**Exercise requirements**
Exclude the pictures and repeat all of the data exactly.

**Data provided**
--

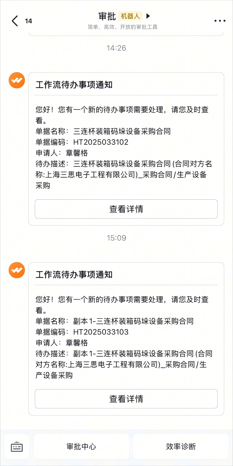 1. 飞书审批机器人可实时获取待办消息,点击待办可直接查看详情。
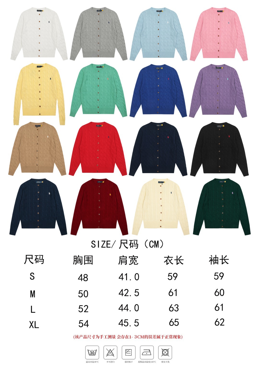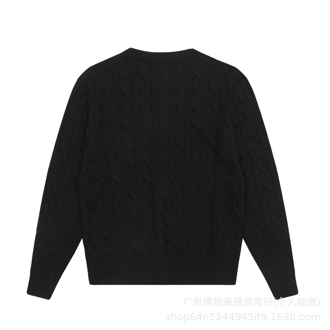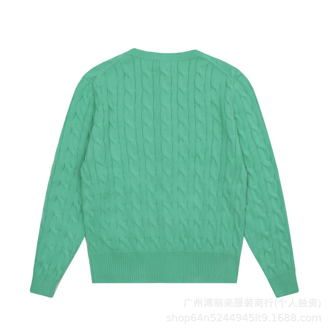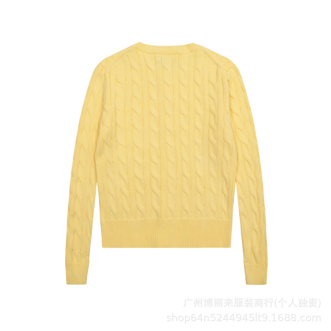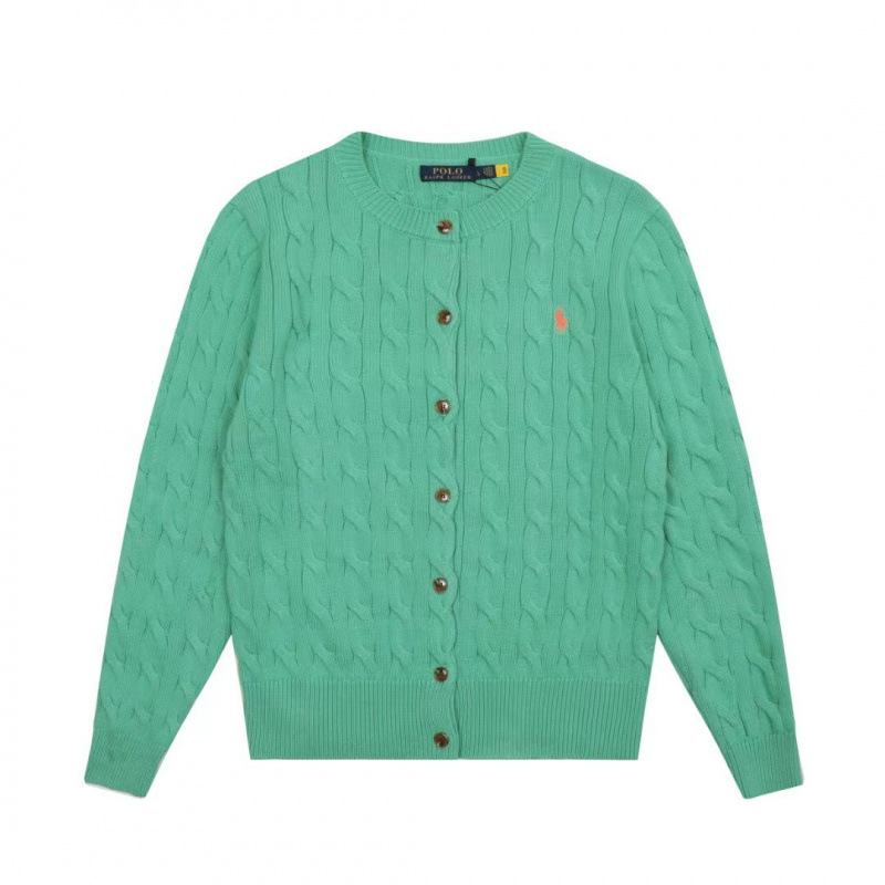 스윕 코드 ~ 국경 간 RL 조랑말 로고 자수 둥근 목 단색 긴 소매 니트 카디건 코트 폭발 여성 헤어 세대
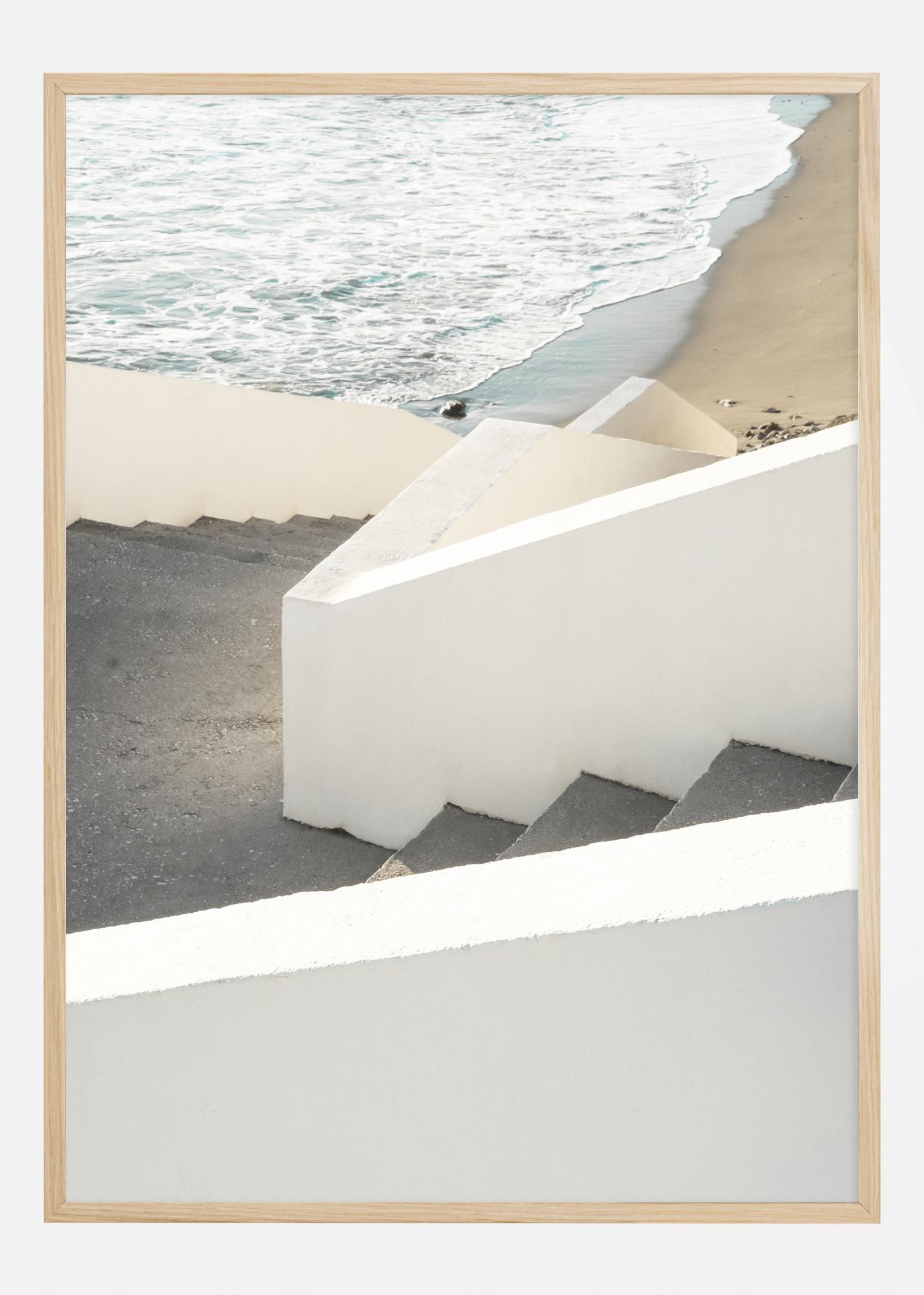 See plakat ühendab arhitektuuri ja looduse, näidates valgetreppilist struktuuri, mis viib rahulikule rannale ja vaikse mereni. Valguse ja varju mäng astmetel koos kontrastiga range arhitektuuri ja pehme rannajoone vahel loob pildi, mis on nii rahustav kui ka visuaalselt huvitav.
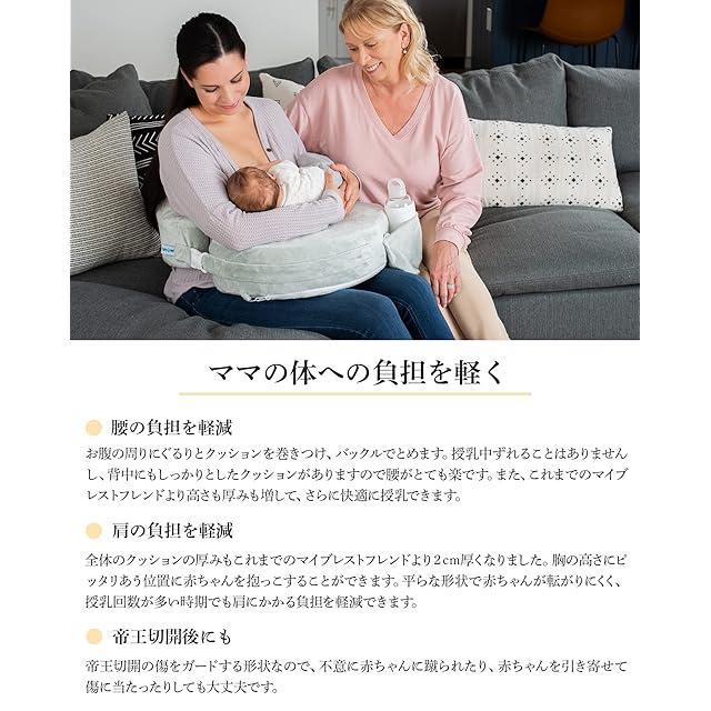 世界中で愛され続けている「マイブレストフレンド」は、25周年を迎えました。 授乳するママの快適さ、理想的なポジショニング、赤ちゃんの心地よさのために、さらに改良しました。 ママの背中、首、腕の負担を軽くするために、授乳中のより良い姿勢と快適さを追求しました。 マイブレストフレンドの特徴は何と言っても、体をぐるりとサポートするD型クッション。ベルトでしっかり固定して、ずれることがありません。

--

**Task response**
 1. 飞书审批机器人可实时获取待办消息,点击待办可直接查看详情。
 스윕 코드 ~ 국경 간 RL 조랑말 로고 자수 둥근 목 단색 긴 소매 니트 카디건 코트 폭발 여성 헤어 세대
 See plakat ühendab arhitektuuri ja looduse, näidates valgetreppilist struktuuri, mis viib rahulikule rannale ja vaikse mereni. Valguse ja varju mäng astmetel koos kontrastiga range arhitektuuri ja pehme rannajoone vahel loob pildi, mis on nii rahustav kui ka visuaalselt huvitav.
 世界中で愛され続けている「マイブレストフレンド」は、25周年を迎えました。 授乳するママの快適さ、理想的なポジショニング、赤ちゃんの心地よさのために、さらに改良しました。 ママの背中、首、腕の負担を軽くするために、授乳中のより良い姿勢と快適さを追求しました。 マイブレストフレンドの特徴は何と言っても、体をぐるりとサポートするD型クッション。ベルトでしっかり固定して、ずれることがありません。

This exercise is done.